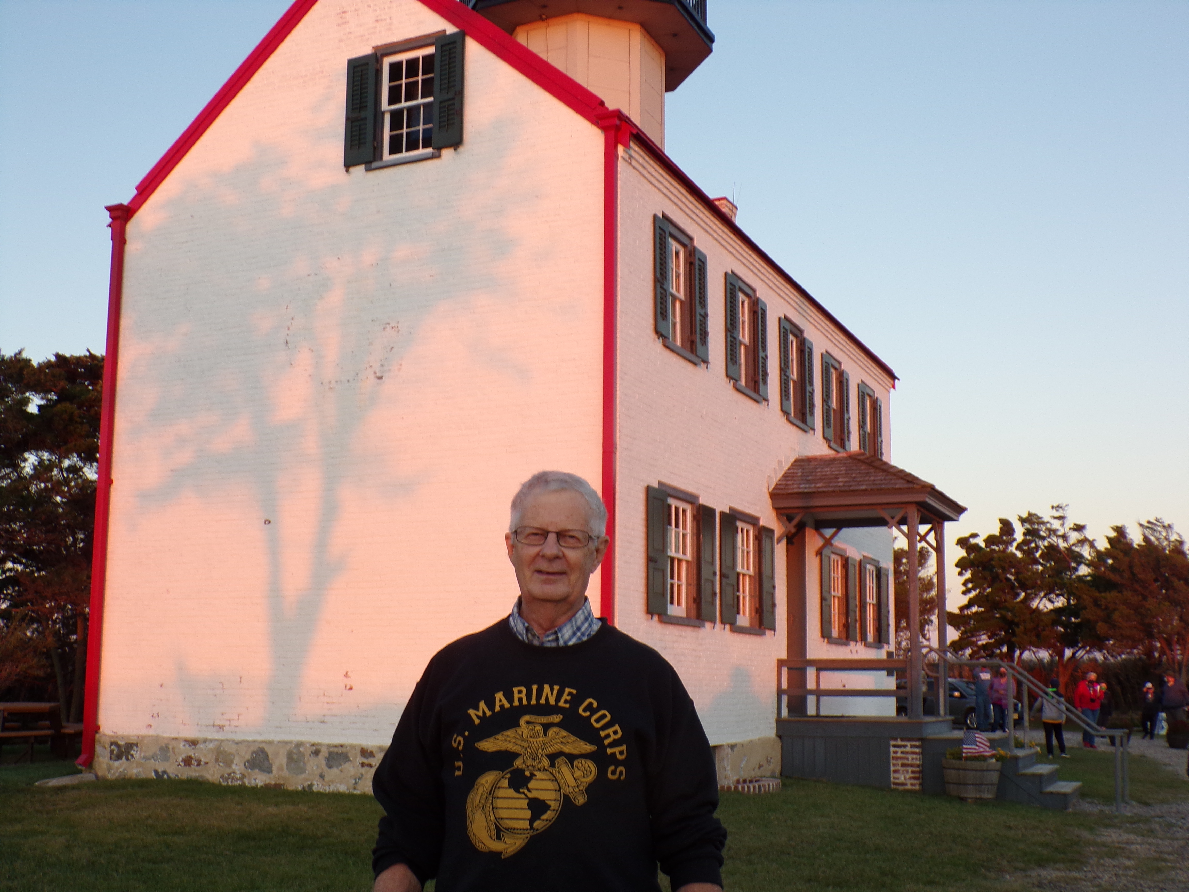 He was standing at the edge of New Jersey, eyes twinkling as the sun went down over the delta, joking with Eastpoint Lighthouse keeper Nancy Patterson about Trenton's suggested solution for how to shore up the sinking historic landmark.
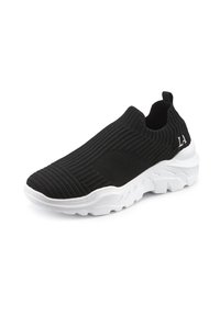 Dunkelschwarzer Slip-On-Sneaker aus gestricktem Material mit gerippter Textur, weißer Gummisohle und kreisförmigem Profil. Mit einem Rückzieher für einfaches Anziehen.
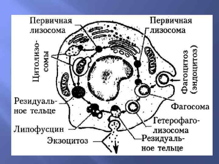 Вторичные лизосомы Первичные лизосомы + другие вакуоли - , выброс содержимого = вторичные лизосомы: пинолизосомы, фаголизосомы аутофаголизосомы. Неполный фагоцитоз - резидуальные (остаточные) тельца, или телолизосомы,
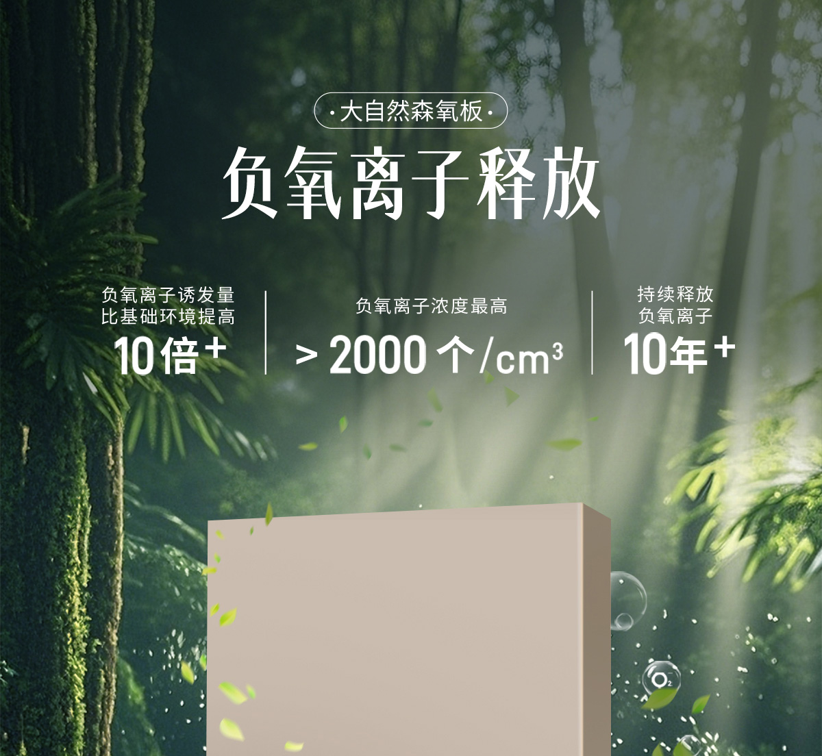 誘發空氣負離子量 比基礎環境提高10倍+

○ ○ ○

■ **Instructions to follow**
The answer should match the material exactly, with every picture removed.

■ **Task response**
 He was standing at the edge of New Jersey, eyes twinkling as the sun went down over the delta, joking with Eastpoint Lighthouse keeper Nancy Patterson about Trenton's suggested solution for how to shore up the sinking historic landmark.
 Dunkelschwarzer Slip-On-Sneaker aus gestricktem Material mit gerippter Textur, weißer Gummisohle und kreisförmigem Profil. Mit einem Rückzieher für einfaches Anziehen.
 Вторичные лизосомы Первичные лизосомы + другие вакуоли - , выброс содержимого = вторичные лизосомы: пинолизосомы, фаголизосомы аутофаголизосомы. Неполный фагоцитоз - резидуальные (остаточные) тельца, или телолизосомы,
 誘發空氣負離子量 比基礎環境提高10倍+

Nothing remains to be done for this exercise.